Thinking About Your Breakup Too Much Delays Your Moving On Process, Says Study

Thinking About Your Breakup Too Much Delays Your Moving On Process, Says Study

If I give you a jar with five marshmallows in it and you fill it with 50 Eclairs, will it still be called a jar of marshmallows or will you call it a jar of Eclairs? Similarly, when we separate ourselves from our ex-boyfriend following the breakup but fill up our minds with the many thoughts of him, we are still very much keeping him within us.

You wake up, missing his good morning text and dreading another day where even breathing hurts (saying for dramatic effect!). There’s one goal you must keep your eyes on and that’s to keep yourself immersed with activity, leaving you so time-poor, you have no chance to think about him. But then, you feel like listening to music while working and you subconsciously select songs that can put a happy rabbit into melancholy. Your mind once again fills with thoughts of your ex-boyfriend, this time more volatile: Why did we break up? Why was he such an asshole to me? Could I have said something different to make things work? Thank God for advertisements in your free Spotify subscription that disrupt your intoxicating chain of thoughts.

What do you do at night when the work’s done, the world is asleep and you have your thoughts for company? You spend your time ruminating over a breakup that is done, dusted, and your ex is probably already texting up other women. You wonder when will you ever get over him. This way, you won’t! Please, there’s nothing romantic about being a sour woman resenting her very much there husband for a boyfriend that’s long gone and singing to herself “In another life, I will be your girl”. Katy Perry’s fictional boyfriend was dead, yours is just an asshole. So move on.

According to a recent study, people who continue to invest in thinking and speaking of their breakup extensively over a prolonged period of time find it difficult to move on. Researchers studied Redditors’ posts on Reddit’s r/BreakUps over a long period of time. Using the data they found out that the signs that showing much before the breakup itself. You start using more personal pronouns such as ‘I’ and ‘we’. Your language also shows a good amount of cognitive processing. The researchers analysed the natural language of people that were going to breakup, and also tracked how they moved on.

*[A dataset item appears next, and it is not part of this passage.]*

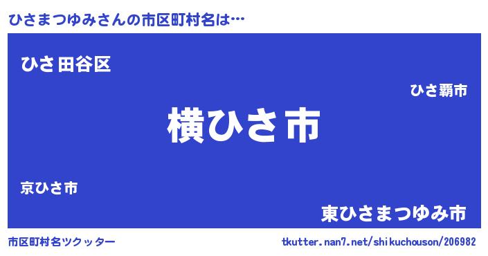 | 男性向けラノベタイトル風あだ名 | 『Re:ひさまつゆみから始める異世界生活』 |

Sarah Seraj, a research assistant at the University of Texas at Austin and the lead author on the study told Inverse.com, “We can track people over time and ask them to fill out surveys, but we can’t exactly follow them around in their personal life and record conversations with friends and family about their breakups.” Reddit, Seraj says offers insight into the natural way people talk, especially since anonymity offers them the freedom to be more unpretentious in their speech.

The study observed people who had at least five posts, including before and after breakups. It was observed that on average people took nine months to move on from their breakups. However, people who kept ruminating over their breakup, by posting often on it, took longer to recover. “This study is the first to track how long breakups affect emotional states by analyzing language data. On average, it took users about nine months to return to their baseline,” Inversely reports.

Brooding over breakups is such a killjoy

“People who kept talking about their breakups for longer periods were less adjusted than people who sought support initially but then moved on. This may be because they had a worse breakup to begin with, but it may also be because they were ruminating over their breakup,” Seraj explained.

While several experts and studies advice journaling and expressive writing to recover from emotionally and mentally stressful circumstances, this study’s team believes overdoing it may be detrimental to one’s psyche. It may make one relive the same stressful situation over and over again, and also delay acceptance of things. “It will be a struggle at first, but things will get better,” Seraj says. “For most people in our study, it took about six months for things to get back to normal. It’s longer than you think!”

How can we stop ruminating over a breakup?

When I watched Kabir Singh, I found it hideous on several levels: toxic masculinity, internalised misogyny, and sheer lack of emotional maturity. The way the characters rejected healing was just stupidity, not true love.

Well, I did do that for a year over a guy who got married because he could and I had nothing to say to him. For one year, I was intoxicating my life with his thoughts until one fine phase I just chose to stop. I put a full stop to all that brooding and chose to heal. I stopped bottling things and just cried it out. After that, there was no looking back. Fuck that shit, I was moving on and how.

The thing with healing is you have to want it and choose it, every single time. That means you have to refuse to let your ex occupy any real estate in your brain or your heart. It means not holding on to gifts and greetings, photos, and texts. It’s okay if you want to keep them but lock them away and don’t look back.

ALSO READ: Women Reveal What Finally Being With The Right Guy Feels Like

However, it doesn’t mean you don’t allow yourself to grieve. Mourn your breakup, be dramatic if you must, be indulgent if you must, be alone if you must – but for a while. Then you have to pick up the pieces of your broken heart and start focusing on the life ahead. You gotta stop making your social media posts look like they belong to a meme page called Sad Girl Quotes or something. Stop brooding over mistakes – yours and his.

You may want to find answers to the many questions in your head, but if you find yourself creating new questions every day, stop. No negative self-talk, no whys, and no what-ifs. Nine months is a long time to be emotionally low, don’t make it longer!